**What is required:** Everything below from the line with "В една от групите" through the line with "胡散臭い通販商品みたいなあだ名 | 『運命の人と巡り会える高級そうな皿…その名も「タカサンダー」』 |" must be retyped exactly, except the pictures.

**Data to examine:**
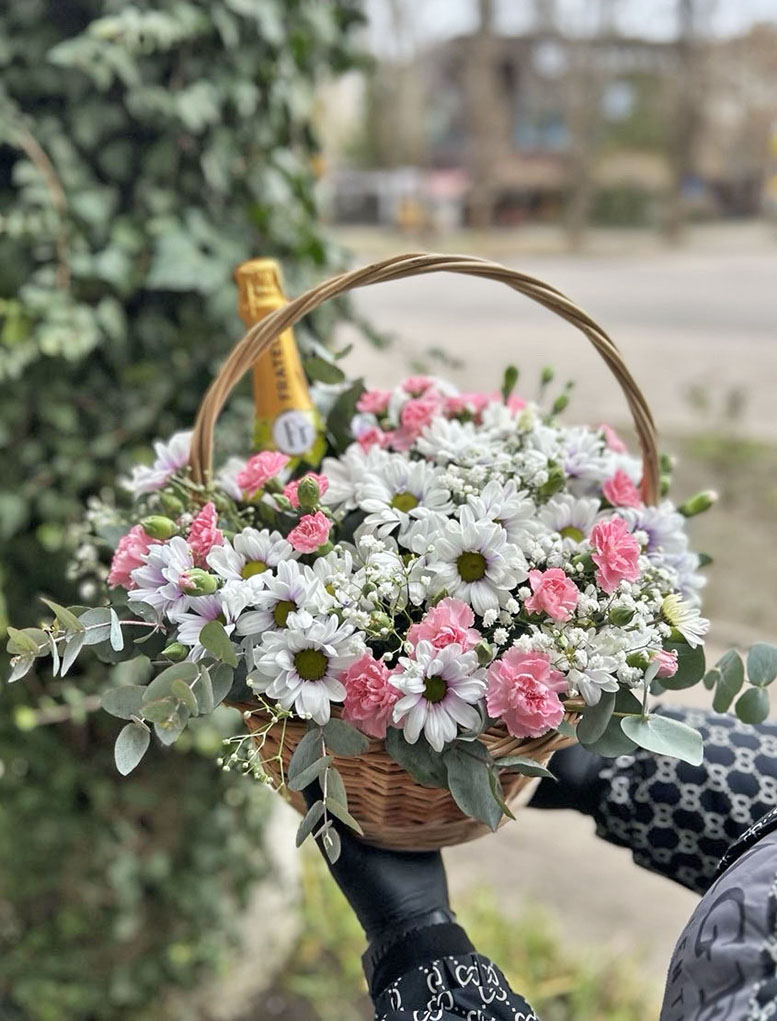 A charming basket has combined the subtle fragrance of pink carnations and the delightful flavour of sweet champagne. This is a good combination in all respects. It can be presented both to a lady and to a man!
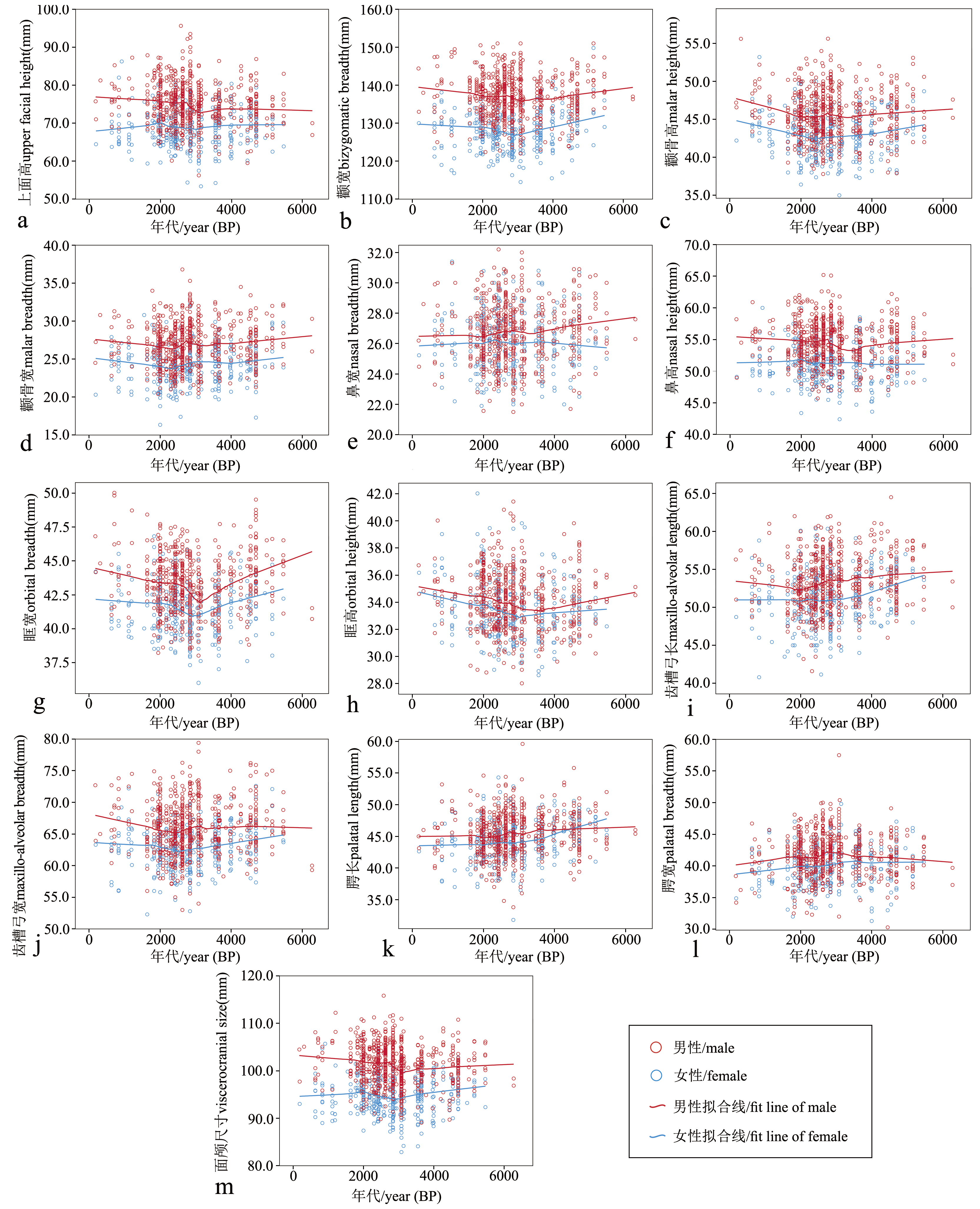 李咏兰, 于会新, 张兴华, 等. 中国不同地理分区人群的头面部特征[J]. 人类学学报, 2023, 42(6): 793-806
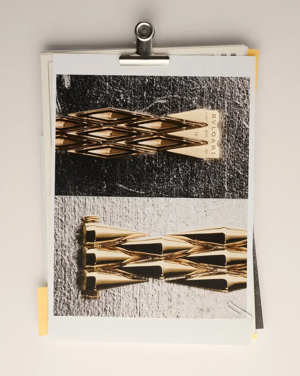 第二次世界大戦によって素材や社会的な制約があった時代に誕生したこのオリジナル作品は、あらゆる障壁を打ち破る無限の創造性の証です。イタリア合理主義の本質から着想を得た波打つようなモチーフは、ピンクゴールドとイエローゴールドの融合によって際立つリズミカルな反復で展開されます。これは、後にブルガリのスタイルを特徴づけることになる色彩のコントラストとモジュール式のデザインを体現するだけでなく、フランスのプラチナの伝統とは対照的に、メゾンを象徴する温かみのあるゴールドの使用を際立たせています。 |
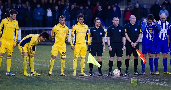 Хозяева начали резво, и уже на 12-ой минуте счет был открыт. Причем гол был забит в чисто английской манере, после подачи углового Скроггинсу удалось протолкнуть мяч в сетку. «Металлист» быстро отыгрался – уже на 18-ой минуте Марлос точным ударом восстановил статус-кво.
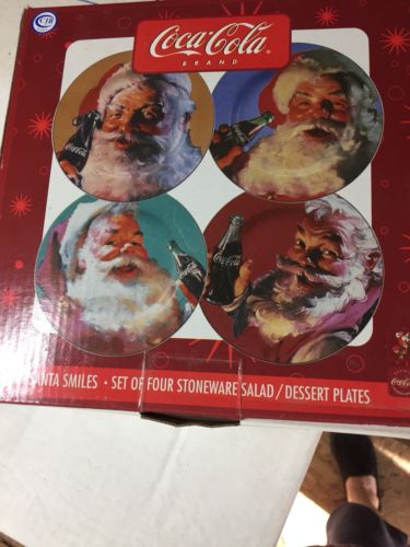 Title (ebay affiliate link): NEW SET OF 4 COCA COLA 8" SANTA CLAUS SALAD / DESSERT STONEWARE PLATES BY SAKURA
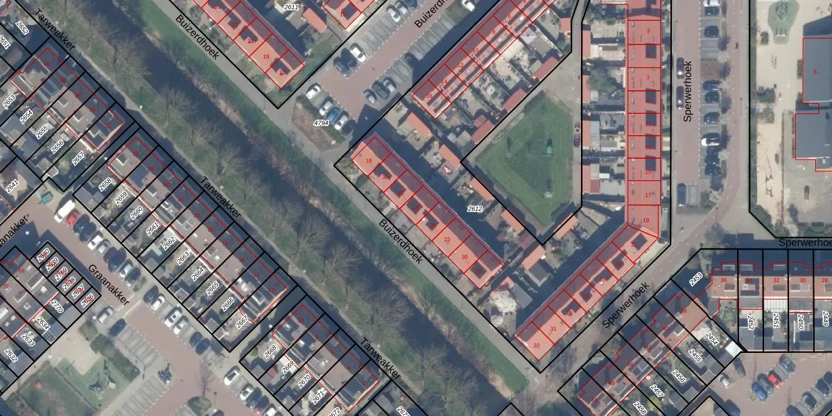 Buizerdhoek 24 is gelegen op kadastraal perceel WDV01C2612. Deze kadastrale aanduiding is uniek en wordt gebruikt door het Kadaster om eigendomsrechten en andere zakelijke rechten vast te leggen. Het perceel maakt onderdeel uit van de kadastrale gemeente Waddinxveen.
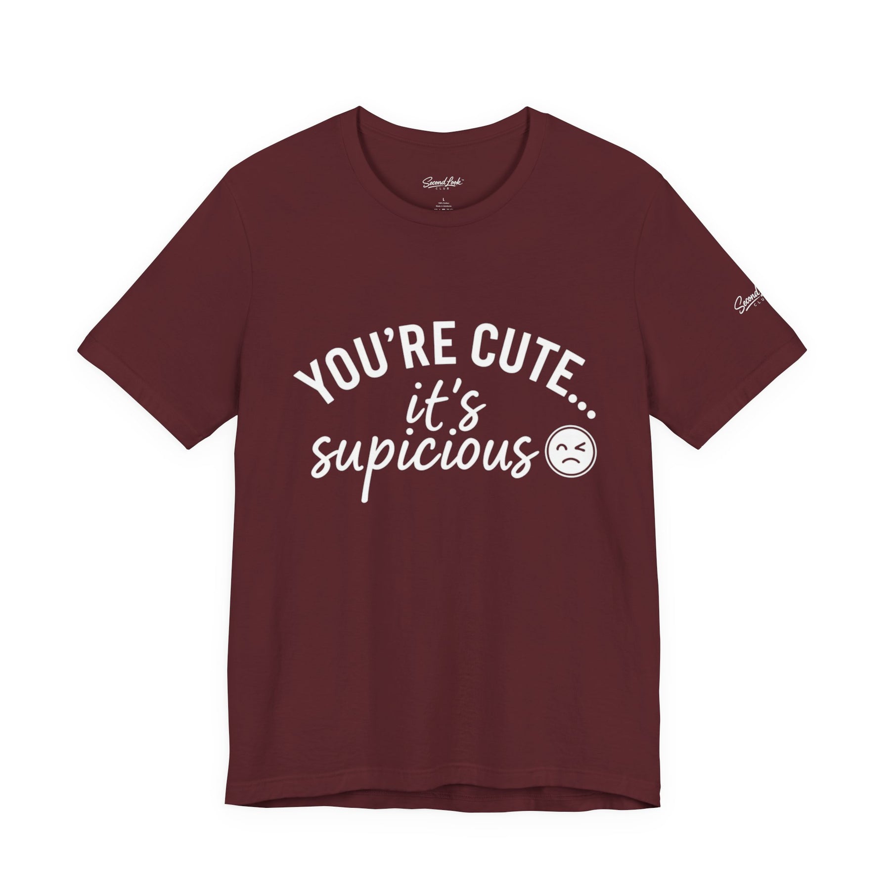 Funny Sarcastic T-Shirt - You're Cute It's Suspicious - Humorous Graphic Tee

* * *

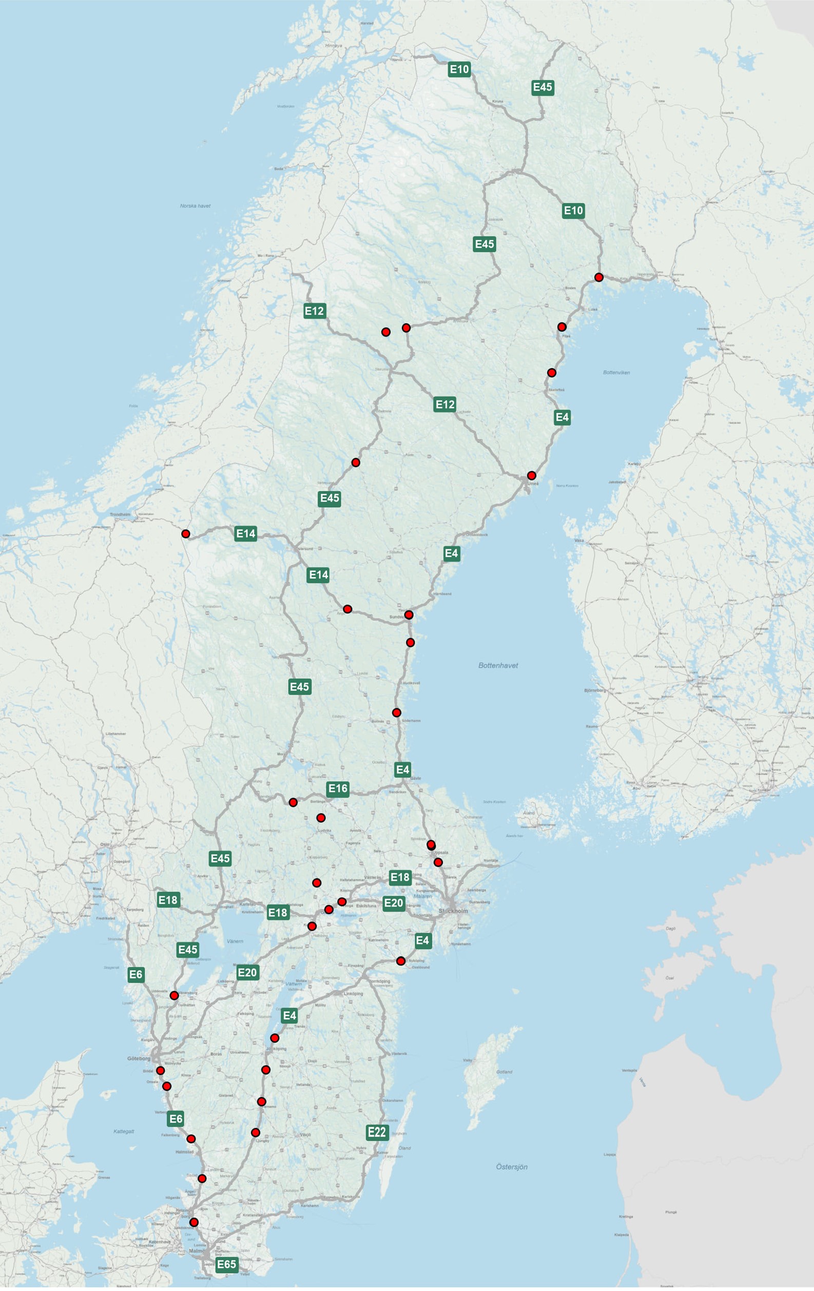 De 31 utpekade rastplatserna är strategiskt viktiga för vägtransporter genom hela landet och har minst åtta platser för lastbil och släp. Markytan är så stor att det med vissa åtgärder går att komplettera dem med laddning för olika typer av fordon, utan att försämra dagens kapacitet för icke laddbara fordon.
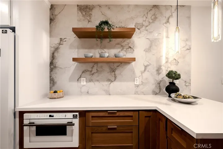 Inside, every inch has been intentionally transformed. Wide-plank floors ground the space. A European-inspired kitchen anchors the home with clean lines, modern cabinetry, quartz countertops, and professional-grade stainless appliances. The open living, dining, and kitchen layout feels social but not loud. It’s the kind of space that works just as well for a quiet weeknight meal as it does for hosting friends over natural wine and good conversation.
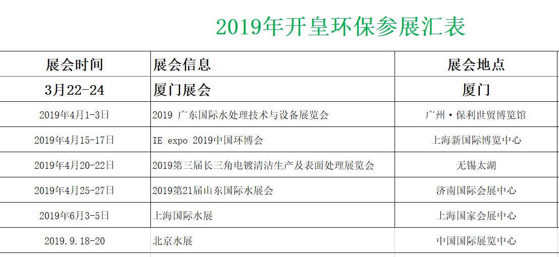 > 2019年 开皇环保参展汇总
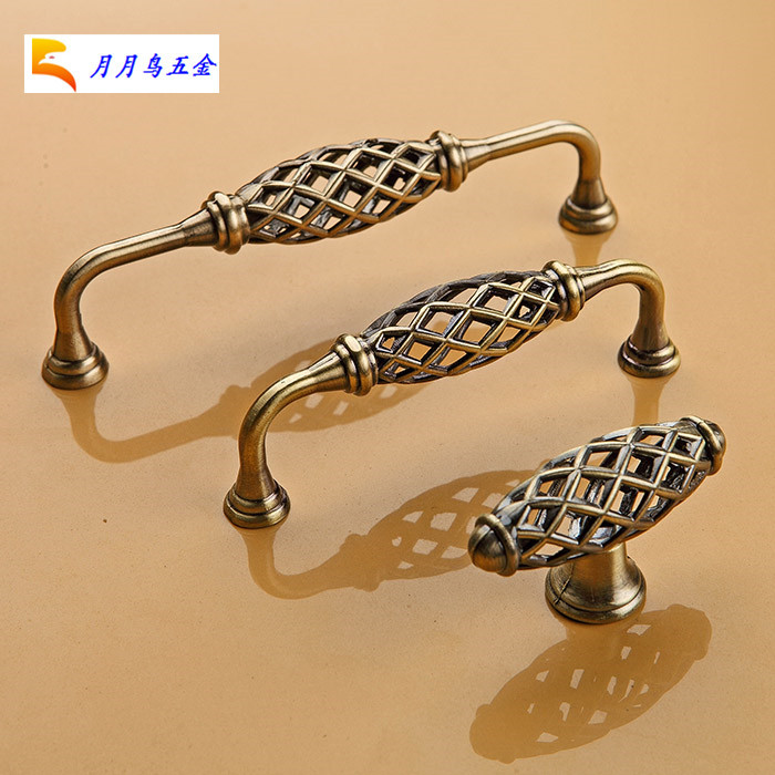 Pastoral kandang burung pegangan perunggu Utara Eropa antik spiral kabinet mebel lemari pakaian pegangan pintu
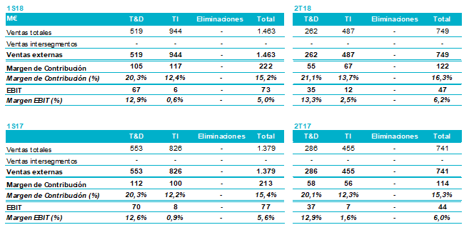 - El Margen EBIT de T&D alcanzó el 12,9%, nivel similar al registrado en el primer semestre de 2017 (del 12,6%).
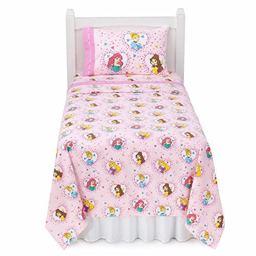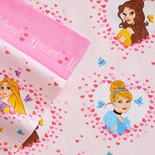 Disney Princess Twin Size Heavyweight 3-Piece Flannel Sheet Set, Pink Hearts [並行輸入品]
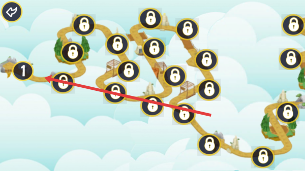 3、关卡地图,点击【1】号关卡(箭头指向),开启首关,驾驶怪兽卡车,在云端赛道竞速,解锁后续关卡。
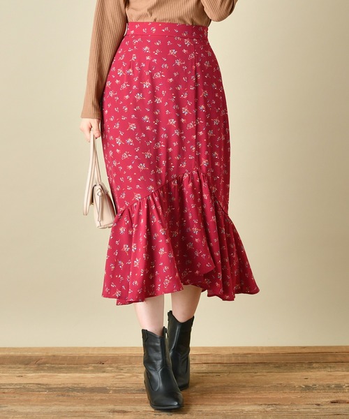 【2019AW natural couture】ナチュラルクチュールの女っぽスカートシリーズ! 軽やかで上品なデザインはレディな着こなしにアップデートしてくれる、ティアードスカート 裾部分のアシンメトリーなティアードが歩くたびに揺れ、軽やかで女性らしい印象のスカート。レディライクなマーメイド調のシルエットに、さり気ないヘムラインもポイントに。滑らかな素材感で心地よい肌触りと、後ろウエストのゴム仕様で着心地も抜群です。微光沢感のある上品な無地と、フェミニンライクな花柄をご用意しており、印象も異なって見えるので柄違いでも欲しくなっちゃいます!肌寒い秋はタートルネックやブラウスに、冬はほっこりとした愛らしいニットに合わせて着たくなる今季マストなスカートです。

---

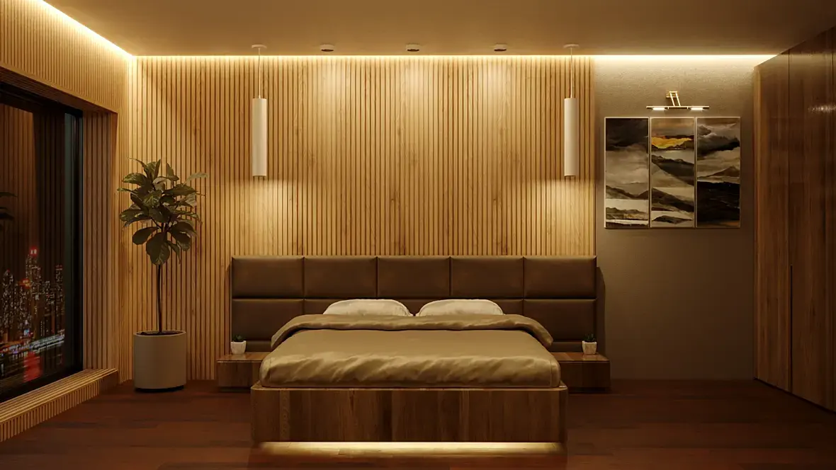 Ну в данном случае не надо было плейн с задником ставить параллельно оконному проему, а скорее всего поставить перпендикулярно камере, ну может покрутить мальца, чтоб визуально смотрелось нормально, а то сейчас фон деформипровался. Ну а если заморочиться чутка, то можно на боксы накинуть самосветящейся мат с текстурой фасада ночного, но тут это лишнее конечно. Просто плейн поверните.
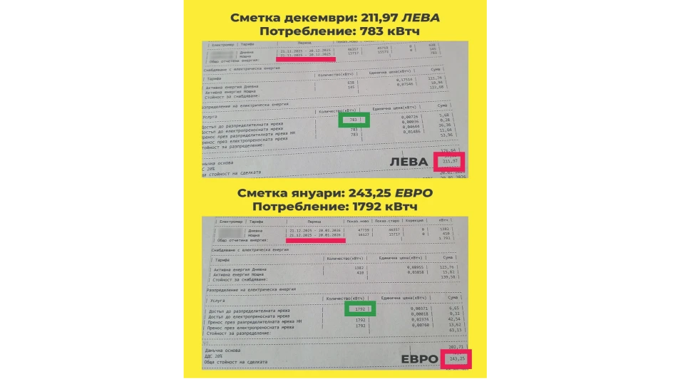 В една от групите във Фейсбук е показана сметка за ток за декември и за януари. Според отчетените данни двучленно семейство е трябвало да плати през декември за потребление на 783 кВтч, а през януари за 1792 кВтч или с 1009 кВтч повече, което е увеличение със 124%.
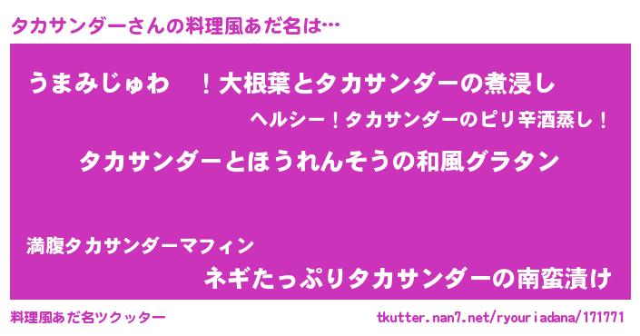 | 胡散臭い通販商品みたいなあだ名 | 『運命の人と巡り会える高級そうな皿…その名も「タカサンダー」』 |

**Response area:**
 В една от групите във Фейсбук е показана сметка за ток за декември и за януари. Според отчетените данни двучленно семейство е трябвало да плати през декември за потребление на 783 кВтч, а през януари за 1792 кВтч или с 1009 кВтч повече, което е увеличение със 124%.
 | 胡散臭い通販商品みたいなあだ名 | 『運命の人と巡り会える高級そうな皿…その名も「タカサンダー」』 |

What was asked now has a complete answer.